(WHAT NEEDS TO BE DONE) Print exactly those lines that run from the beginning of the data to the line bearing "황란의 설치작품과 ‘라잇톨로지’의", inclusive.

(DATA EXTRACTS)
---------------

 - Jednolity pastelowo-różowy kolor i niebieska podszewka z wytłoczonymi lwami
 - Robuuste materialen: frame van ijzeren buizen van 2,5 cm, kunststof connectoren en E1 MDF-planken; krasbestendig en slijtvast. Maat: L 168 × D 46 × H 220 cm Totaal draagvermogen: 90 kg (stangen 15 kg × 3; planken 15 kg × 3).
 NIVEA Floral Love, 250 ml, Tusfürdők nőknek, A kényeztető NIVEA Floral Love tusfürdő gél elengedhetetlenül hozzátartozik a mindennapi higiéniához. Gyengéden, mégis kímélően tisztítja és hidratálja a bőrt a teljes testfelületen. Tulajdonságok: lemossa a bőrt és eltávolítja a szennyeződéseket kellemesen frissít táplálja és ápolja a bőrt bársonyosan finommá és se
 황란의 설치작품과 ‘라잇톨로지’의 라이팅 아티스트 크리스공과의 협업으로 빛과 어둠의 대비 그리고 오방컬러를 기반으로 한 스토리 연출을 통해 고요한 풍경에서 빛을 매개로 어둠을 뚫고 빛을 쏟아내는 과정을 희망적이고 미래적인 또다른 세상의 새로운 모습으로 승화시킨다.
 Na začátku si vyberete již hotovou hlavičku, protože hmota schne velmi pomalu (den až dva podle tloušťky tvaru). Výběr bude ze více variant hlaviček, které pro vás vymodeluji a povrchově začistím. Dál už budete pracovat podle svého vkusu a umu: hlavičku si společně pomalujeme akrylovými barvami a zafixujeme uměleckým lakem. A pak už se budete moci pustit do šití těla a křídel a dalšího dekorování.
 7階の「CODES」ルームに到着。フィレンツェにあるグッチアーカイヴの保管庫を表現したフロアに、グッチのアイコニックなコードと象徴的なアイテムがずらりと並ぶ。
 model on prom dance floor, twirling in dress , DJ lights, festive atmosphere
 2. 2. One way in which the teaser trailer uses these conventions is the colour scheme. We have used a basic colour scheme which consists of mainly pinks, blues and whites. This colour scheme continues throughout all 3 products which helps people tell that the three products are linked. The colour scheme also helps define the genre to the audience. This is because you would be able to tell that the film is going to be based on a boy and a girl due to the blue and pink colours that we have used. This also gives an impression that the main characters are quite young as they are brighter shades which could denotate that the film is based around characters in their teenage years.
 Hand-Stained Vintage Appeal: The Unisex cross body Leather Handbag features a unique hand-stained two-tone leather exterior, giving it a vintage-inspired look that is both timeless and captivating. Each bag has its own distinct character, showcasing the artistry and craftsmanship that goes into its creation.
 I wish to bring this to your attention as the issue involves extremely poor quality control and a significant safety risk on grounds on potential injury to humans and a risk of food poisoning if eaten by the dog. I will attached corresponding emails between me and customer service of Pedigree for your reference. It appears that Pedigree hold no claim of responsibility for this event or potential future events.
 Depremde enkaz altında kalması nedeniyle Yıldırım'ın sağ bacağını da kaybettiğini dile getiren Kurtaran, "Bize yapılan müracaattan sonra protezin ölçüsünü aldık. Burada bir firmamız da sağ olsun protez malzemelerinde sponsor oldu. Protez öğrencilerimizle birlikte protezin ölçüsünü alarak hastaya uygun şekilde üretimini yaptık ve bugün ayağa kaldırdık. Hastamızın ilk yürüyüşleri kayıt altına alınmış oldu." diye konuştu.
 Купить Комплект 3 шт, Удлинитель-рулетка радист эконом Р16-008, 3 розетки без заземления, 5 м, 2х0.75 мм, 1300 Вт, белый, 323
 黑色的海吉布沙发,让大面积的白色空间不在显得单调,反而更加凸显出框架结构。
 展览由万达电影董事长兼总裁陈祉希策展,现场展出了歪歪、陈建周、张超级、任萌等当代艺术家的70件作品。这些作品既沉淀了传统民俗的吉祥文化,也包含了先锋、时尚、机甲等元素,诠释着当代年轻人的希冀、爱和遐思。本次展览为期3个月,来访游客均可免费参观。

---------------

(OUTPUT)
 - Jednolity pastelowo-różowy kolor i niebieska podszewka z wytłoczonymi lwami
 - Robuuste materialen: frame van ijzeren buizen van 2,5 cm, kunststof connectoren en E1 MDF-planken; krasbestendig en slijtvast. Maat: L 168 × D 46 × H 220 cm Totaal draagvermogen: 90 kg (stangen 15 kg × 3; planken 15 kg × 3).
 NIVEA Floral Love, 250 ml, Tusfürdők nőknek, A kényeztető NIVEA Floral Love tusfürdő gél elengedhetetlenül hozzátartozik a mindennapi higiéniához. Gyengéden, mégis kímélően tisztítja és hidratálja a bőrt a teljes testfelületen. Tulajdonságok: lemossa a bőrt és eltávolítja a szennyeződéseket kellemesen frissít táplálja és ápolja a bőrt bársonyosan finommá és se
 황란의 설치작품과 ‘라잇톨로지’의 라이팅 아티스트 크리스공과의 협업으로 빛과 어둠의 대비 그리고 오방컬러를 기반으로 한 스토리 연출을 통해 고요한 풍경에서 빛을 매개로 어둠을 뚫고 빛을 쏟아내는 과정을 희망적이고 미래적인 또다른 세상의 새로운 모습으로 승화시킨다.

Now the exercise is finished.